Exercise directions: Up to and including the line that holds "風景印圖樣:位在土庄港輪渡站附近的平和群像雕塑、橄欖、「天使之路」步道", print the data exactly from its first line; do not print the pictures.

Data shown:
··········
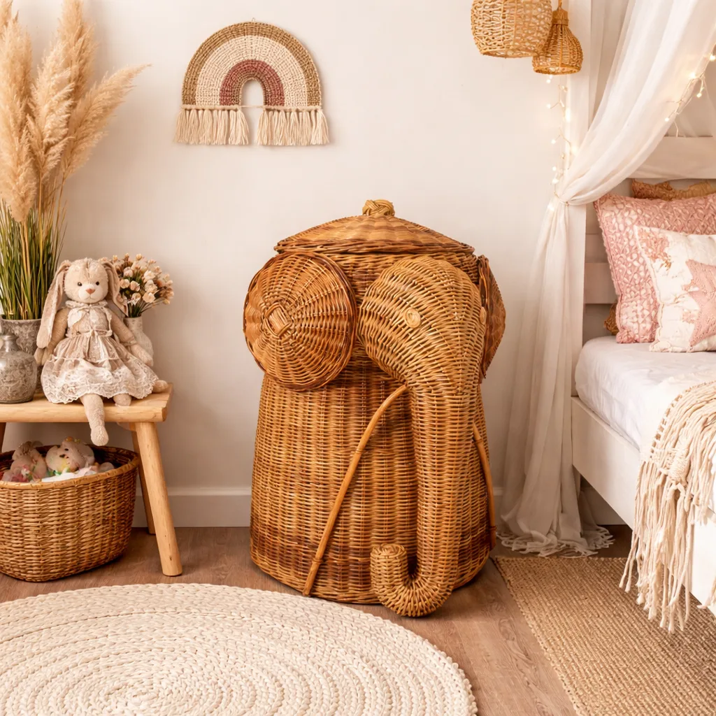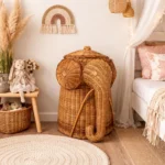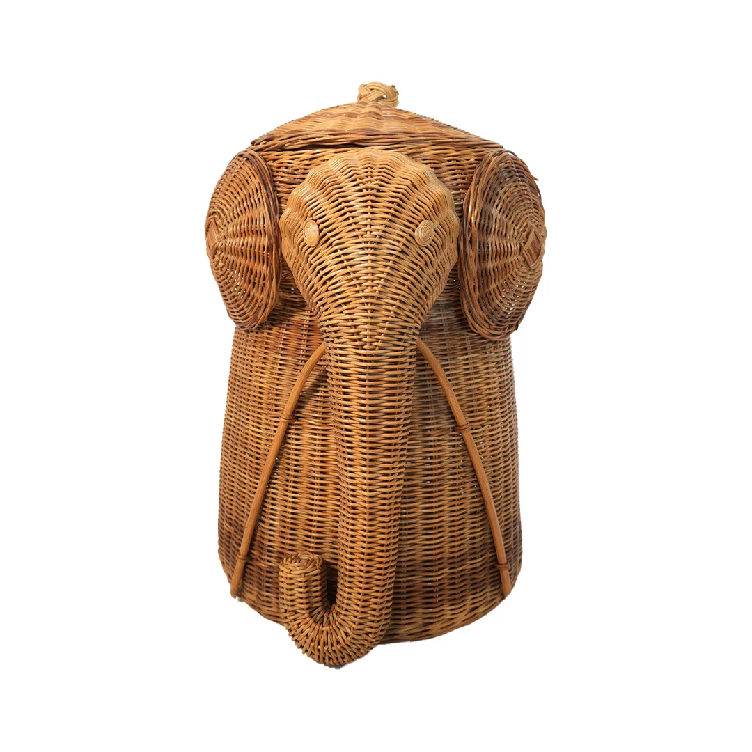 Dale un toque mágico y lleno de encanto a la habitación de tus pequeños con este adorable contenedor en forma de elefante, elaborado a mano con ratán y detalles en bambú por artesanos de Bali. Este contenedor es ideal para espacios infantiles, ya que permite mantener juguetes, peluches o accesorios bien organizados mientras aporta una estética cálida y temática tipo safari.
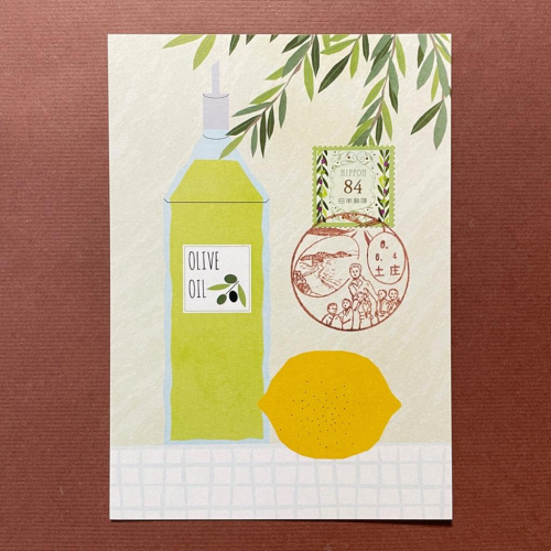 風景印圖樣:位在土庄港輪渡站附近的平和群像雕塑、橄欖、「天使之路」步道
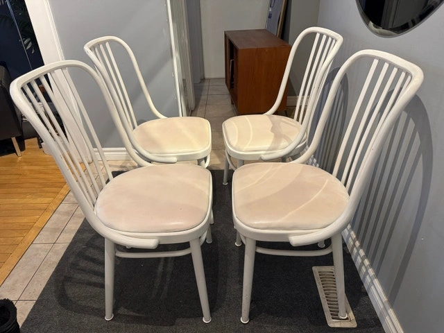 Vintage charm meets modern utility with this set of four Drevounia dining chairs, hailing from Czechoslovakia. The chairs feature a sleek, white painted finish and are ready to bring a touch of retro flair to your dining space. They are in used condition, showing signs of their age, but are sturdy and ready for years of service. Key details: Brand: Drevounia, Origin: Czechoslovakia, Finish: White paint. Acquiring these chairs is a steal of a deal; a chance to own a piece of history without breaking the bank! These chairs are a conversation starter. If the ad's still up, the chairs are available!
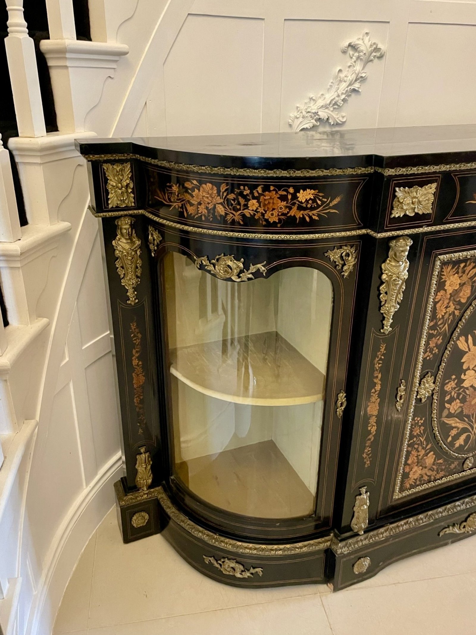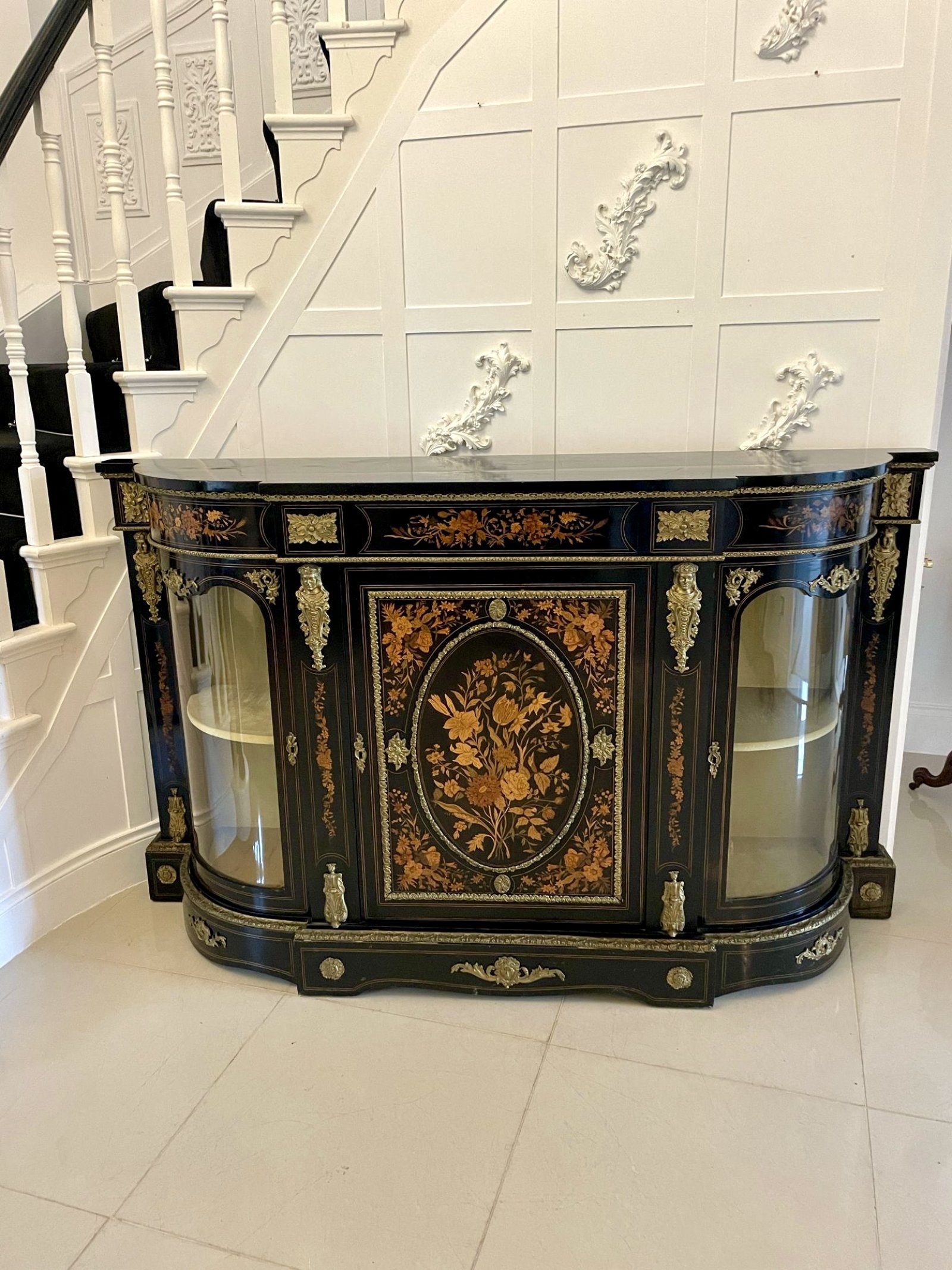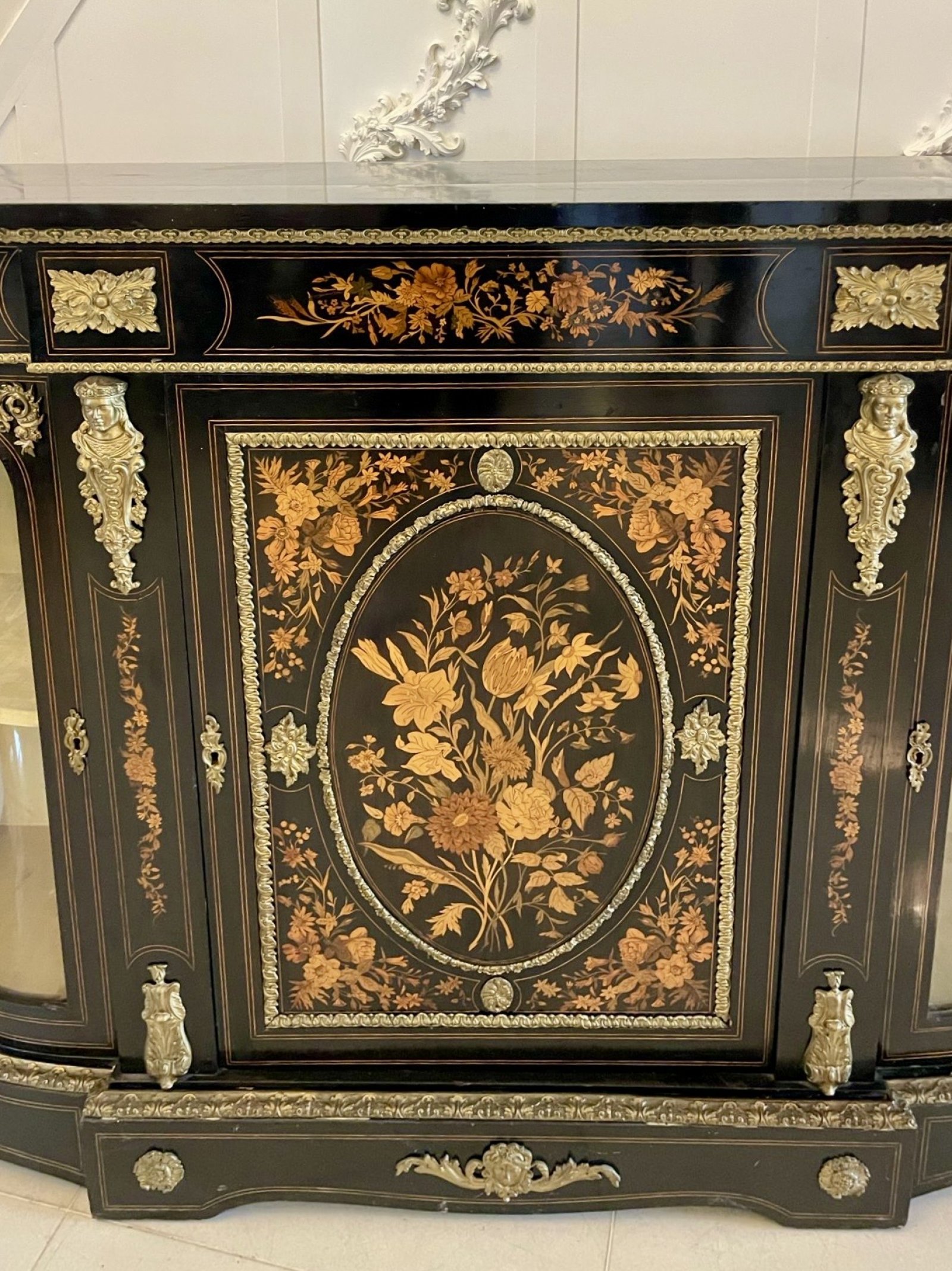 Outstanding quality antique Victorian ebonised and inlaid floral marquetry credenza/sideboard having a ebonised shaped top above an inlaid floral marquetry frieze with ornate ormolu mounts above a majestic inlaid floral marquetry door flanked by two bow ended glass doors opening to reveal a display shelf. It boasts large ornate ormolu mounts standing on a shaped plinth base
··········
Response below:
 Dale un toque mágico y lleno de encanto a la habitación de tus pequeños con este adorable contenedor en forma de elefante, elaborado a mano con ratán y detalles en bambú por artesanos de Bali. Este contenedor es ideal para espacios infantiles, ya que permite mantener juguetes, peluches o accesorios bien organizados mientras aporta una estética cálida y temática tipo safari.
 風景印圖樣:位在土庄港輪渡站附近的平和群像雕塑、橄欖、「天使之路」步道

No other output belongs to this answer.